The same doctrine is laid down by another distinguished Secretary of State, Mr. Bayard, in a letter to Mr. O’Connor of the 29th of October, 1885, wherein he says:
However severe may have been the claimant’s injuries, it must be recollected that like injuries are committed in most cases where towns are sacked, and that aliens resident in such towns are subject to the same losses as are citizens. It has never been held, however, that aliens have for such injuries a claim on the belligerents by whom they are inflicted. On the contrary, the authorities lay down the general principle that neutral property in belligerent territory shares the liability of property belonging to the subjects of the state. (Wharton, vol. 2, p. 581.)
Again, we find Mr. Marcy, Secretary of State, in 1854 using similar language, as follows:
The undersigned is not aware that the principle that foreigners domiciled in a belligerent country must share with the citizens of the country in the fortunes of war has ever been seriously controverted or departed from in practice.
And this passage is quoted with approval in a letter from the Attorney-General of the United States to the Secretary of State. (Wharton, vol. 2, p. 586.)
These citations might be largely added to, but those already made are sufficient to show that the rule that aliens share the fortunes of citizens in case of loss by military force or by the irregular acts of soldiers in a civil war is firmly established.
It is, however, not to be assumed that this rule would apply in a case of mob violence which might, if due diligence had been used, have been prevented by civil authorities alone or by such authorities aided by an available military force.

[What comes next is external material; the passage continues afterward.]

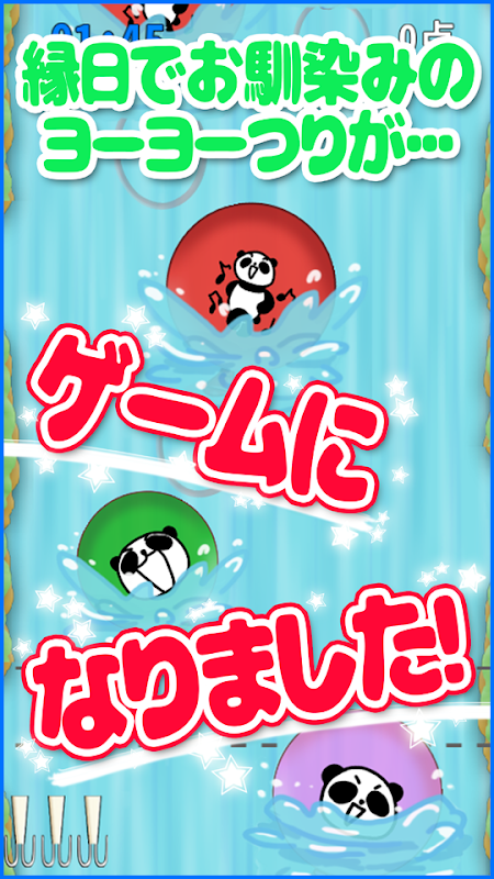 夏の風物詩。夜店・縁日・お祭り屋台の名物、水ヨーヨーが激流で流れてくる爆速的釣りゲームがここに誕生! 「ぱんだ建設」に続いて ぱんだ が出没中!

In such a case of spoliation by a mob, especially where the disorder has arisen in hostility to foreigners, a different rule may prevail. It would, however, be irrelevant to the present case now to discuss such a question. It therefore appears that all we have to do now is to inquire whether citizens of the United States, in the matter of losses incurred by military force or by the irregular acts of the soldiery in the revolution of November, 1898, in Salvador, were treated less favorably or otherwise than the citizens of Salvador.
To this inquiry there can be but one answer: They were not in any way discriminated against, for the legislature of the Republic in providing indemnity for such losses applied the same as well to foreigners as to the citizens of Salvador.
[Page 880]For these reasons I am of opinion that we have no alternative but to reject this claim.
I concur.
I concur in your respect-worthy opinion.